If he'll sign for dirt cheap (vet min) I'd let him come back. He is an able outside defender, and that's really about it. With only 10 players under contract (assuming Bell and JJ sign), we still need 4. Bo outlaw for a vet min would be great, but I doubt it'll happen. One might be Steven Hunter, but I see him leaving. If we could get any guys like Tyronn Lue, Chris Andersen (think he agreed to resign with NE), Mikki Moore, etc...I'd let him go. I also think Michael Stewart is worthy of a look off the bench, since he'll be cheap. Rebounds and blocks shots, and that's about it. They should bring in one project young guy, either from our summer camp or guys like Frank Williams, Smush Parker, Jay Williams or some unsigned undrafted guy. Too bad Jahidi White can't stay healthy, he would be a nice big body off the bench.


----------



## Tiz (May 9, 2005)

Kekai23 said:


> Yes I don't like Walter. Whos with me? Get rid of Walter!!

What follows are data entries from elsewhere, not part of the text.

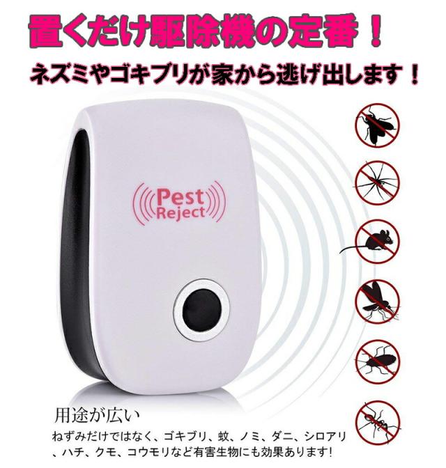 商品詳細: 超音波式のねずみ・害虫駆除機です。ネズミやゴキブリだけでなく、蚊、蟻、蜘蛛、ノミ、ダニ、シロアリ、コウモリなどの有害生物にも対応! 部屋のコンセントにさしておくだけです。ネズミや虫の嫌がる超音波を出します。2〜3週間連続使用していただければいなくなります。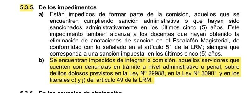 Si bien al momento de su nombramiento en estos cargos no tenían denuncias internas formales, ahora que cargan cuestionamientos están impedidos de seguir en la CEPADD. Y es que de acuerdo a la Resolución Viceministerial N° 120-2024-MINEDU, se encuentran invalidados de integrar la la comisión aquellos servidores que cuenten con denuncias en trámite a nivel administrativo o penal, sobre delitos dolosos previstos en la ley N° 29988.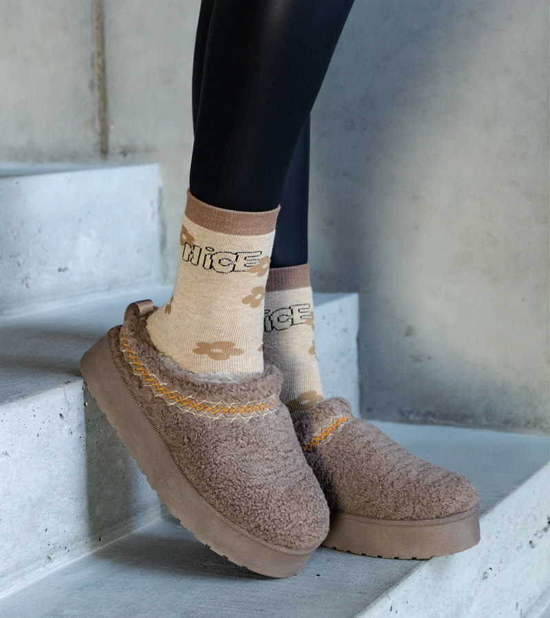 Barna platformás hócsizmák alacsony szárú, hímzett Greene mintával.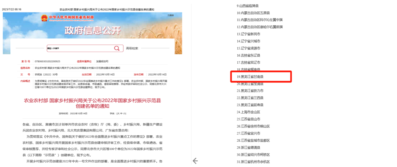 甘南县获批全国乡村振兴示范县和全国农业科技现代化先行县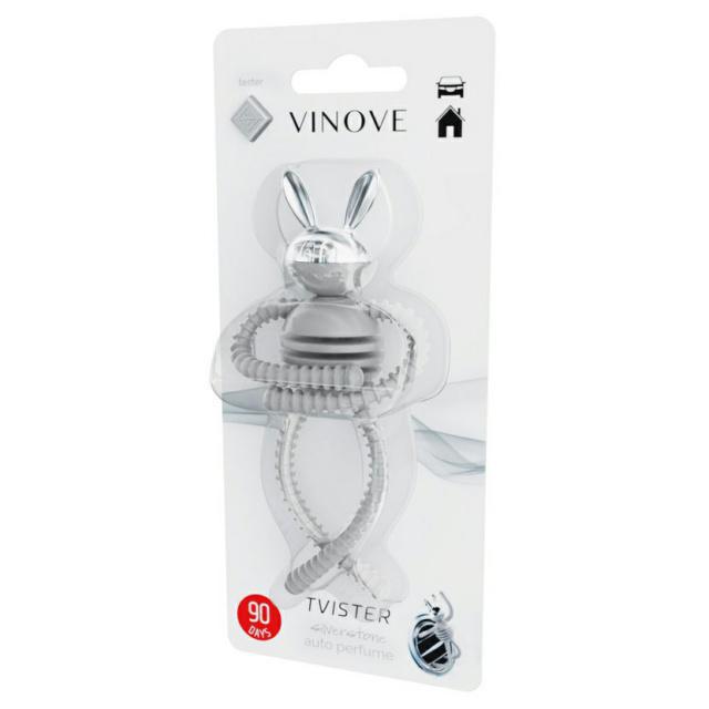 VINOVE TVISTER je řada osvěžovačů vzduchu do auta i pro domácnost ve formě rozpustilého panáčka. Flexibilní končetiny umožňují panáčka přichytit na nespočet míst, jako např. ramínko, lampičku, nebo ventilační mřížku u auta. Příjemná vůně citrusů, bylinek a dřevitých tónů se pozvolna uvolňuje po dobu 90 dní.

Ya! Give him the boot. :banana:


----------



## Drk Element (Nov 10, 2004)

OHHHHHHHHHHHHHHHHHHH!!!!!!!! Mcarty, that guy.:biggrin:


----------



## Kekai (Jan 12, 2005)

Drk Element said:


> OHHHHHHHHHHHHHHHHHHH!!!!!!!! Mcarty, that guy.:biggrin:


:rofl:


----------



## Jammin (Jul 3, 2005)

Why don't you like him. WHen I went to the Rockets vs. Suns game he busted out 20.


----------



## Carbo04 (Apr 15, 2005)

McCarty is good for what he is. A 5 mpg player.


----------



## DWest Superstar (Jun 30, 2005)

I never want to hear bad talk on Walter again


----------